The fixed statement does not allow me to pin either Array or T[].

There error messages are:

1. Cannot implicitly convert type 'System.Array' to 'void*'
2. Cannot take the address of, get the size of, or declare a pointer to a managed type ('T')

Now, I don't actually care how I make this work (I'm not committed to this exact approach). How can I memcmp two T[] where I know that T is a primitive/blittable type?

I really want to avoid switching on the type and creating a specialized (and duplicated) code version for each interesting type. Any kind of reflection solution is not workable due to performance constraints (and yes I really need the performance here - no premature optimization warnings apply as it is customary on Stack Overflow).
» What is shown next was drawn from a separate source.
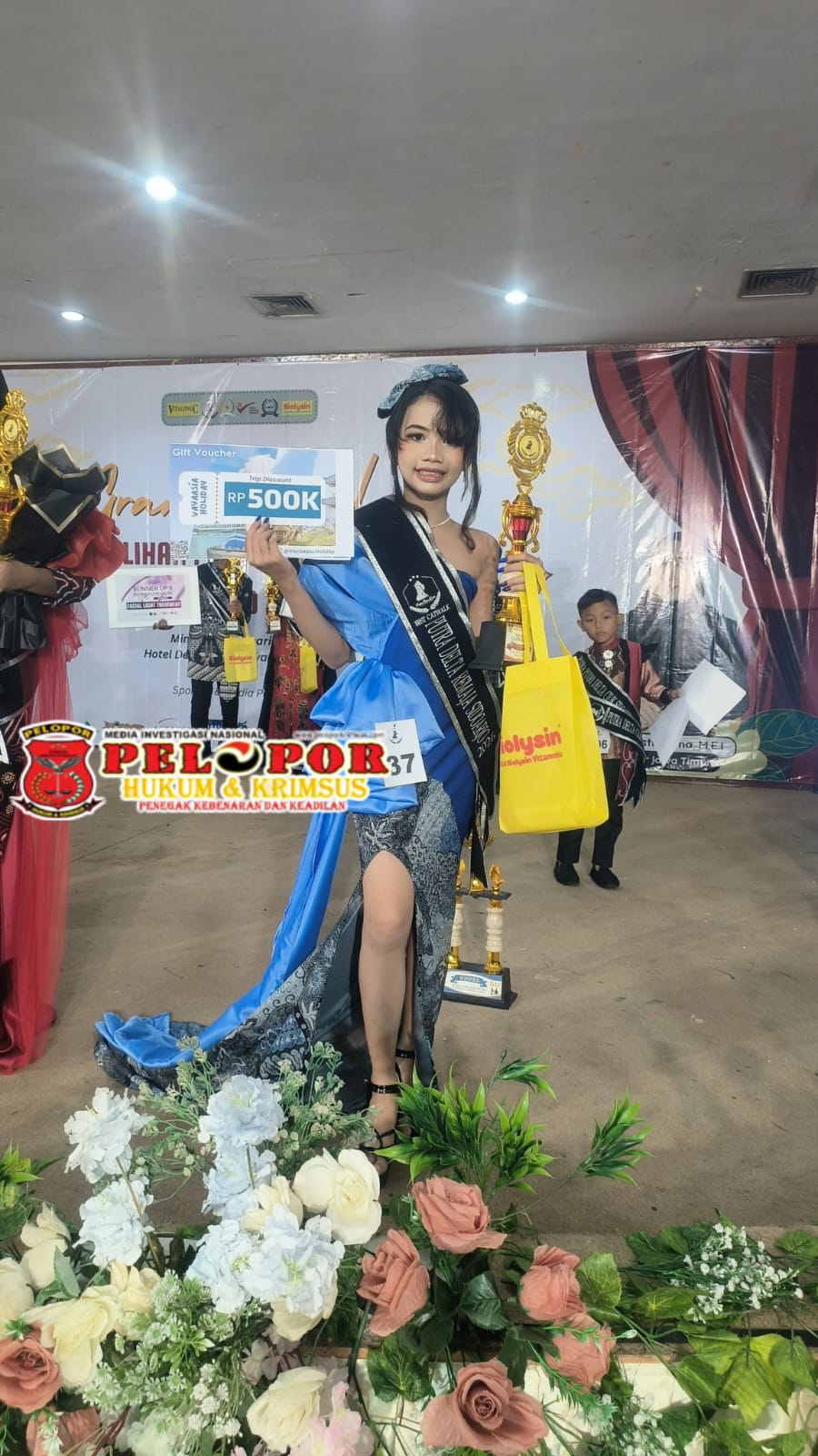 tampil memukau dengan balutan kebaya khas Jawa Timur yang anggun, mencerminkan karakter remaja yang percaya diri dan berbudaya. Penampilannya memikat dewan juri dan mengantarkannya meraih gelar bergengsi dalam kategori best catwalk kategori Remaja

Tremulant answered 12/2, 2013 at 13:2 Comment(7)
you can't call memcpy from c#Warranty
In addition, have you tried public unsafe override bool Equals(T[] x, T[] y) where T: struct?Cypro
why are you trying to optimize your code? you are probably creating more performance problems by marshaling to unmanaged code.Warranty
@DanielA.White why not? I'll be either PInvoking or using a managed port depending on the size of the array at runtime. This issue is not essential to the question anyway. I like the elegance of comparing byte* chunks instead of specializing a compare loop for 9 different primitive types. Also note that for huge arrays any fixed per-call overhead does not matter.Tremulant
p/invokes have overheads which would negate the benefit. you should let the clr do its work.Warranty
@Davio: That doesn't change anything.Olfactory
I'm betting that using memcmp() will speed up things significantly for large arrays. The marshalling of the pinned pointer should NOT copy memory. For example, see #2031717Swingletree
D
5

where I know that T is a primitive/blittable type

You know it, the compiler doesn't know that. The CLR demands that everything in a pinned object can no longer be moved by the garbage collector. For an Array, that includes its array elements. Only kind of T that qualifies is a simple value type, one that is blittable. Generics does not give you a way to constrain T to a blittable type.
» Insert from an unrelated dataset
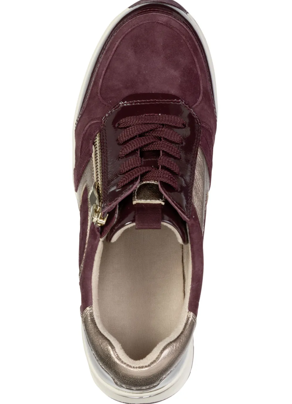 ELENA EDEN, sytlische Damen-Sneaker, Weite H, mit herausnehmbarem Fußbett in Bordeaux-Bronze und in Größe 38.

You'd normally declare the arguments of memcmp() as byte[]. The pinvoke marshaller then already does the right thing and will pin the byte[] arrays before calling memcmp(). This however will not work either since you cannot easily convert a T[] to a byte[] either. You'll have to pin yourself with GCHandle. Declare the memcmp() arguments as IntPtr instead of byte[] accordingly.

The subset of types which can work is in practice small enough to consider simply writing method overloads instead of a generic method. Which now enables the pinvoke marshaller to take care of the pinning, overload the memcmp() function declarations accordingly.

Dressing answered 12/2, 2013 at 13:48 Comment(6)
Do you have any reference to the fixed statement not pinning objects in memory, which is what it's supposed to do?Serrated
Just look at the IL generated by the statement.Dressing
Very valuable, Hans. I kind of knew that the C# compiler just uses managed pointers ("interior pointers") but I never realized that this means that the object is not pinned.; I'm convinced now that the last statement that you edited in is the right design choice. I'll follow up on this.Tremulant
I'll accept this answer as it clearly states that multiple overloaded PInvoke functions are required. There also seems to be no solution to my idea of obtaining a fixed pointer without specialization on type.Tremulant
"The fixed statement does not in fact pin an object. It creates a new pointer that's recognized by the garbage collector as a reference. So that the GC will update that pointer when it moves the array while compacting the heap." Not true. fixed statement instructs GC not to move memory referenced by fixed slots. So the memory is pinned in reality.Etoile
With C# 7.3 there is a generic type constraint called unmanaged but sadly this does not seem to support fixed arrays.Potty
S
2

You can write a separate P/Invoke front-end for each kind of array that you want to compare. I know you don't really want to specialise on T, but the overhead isn't too great I think.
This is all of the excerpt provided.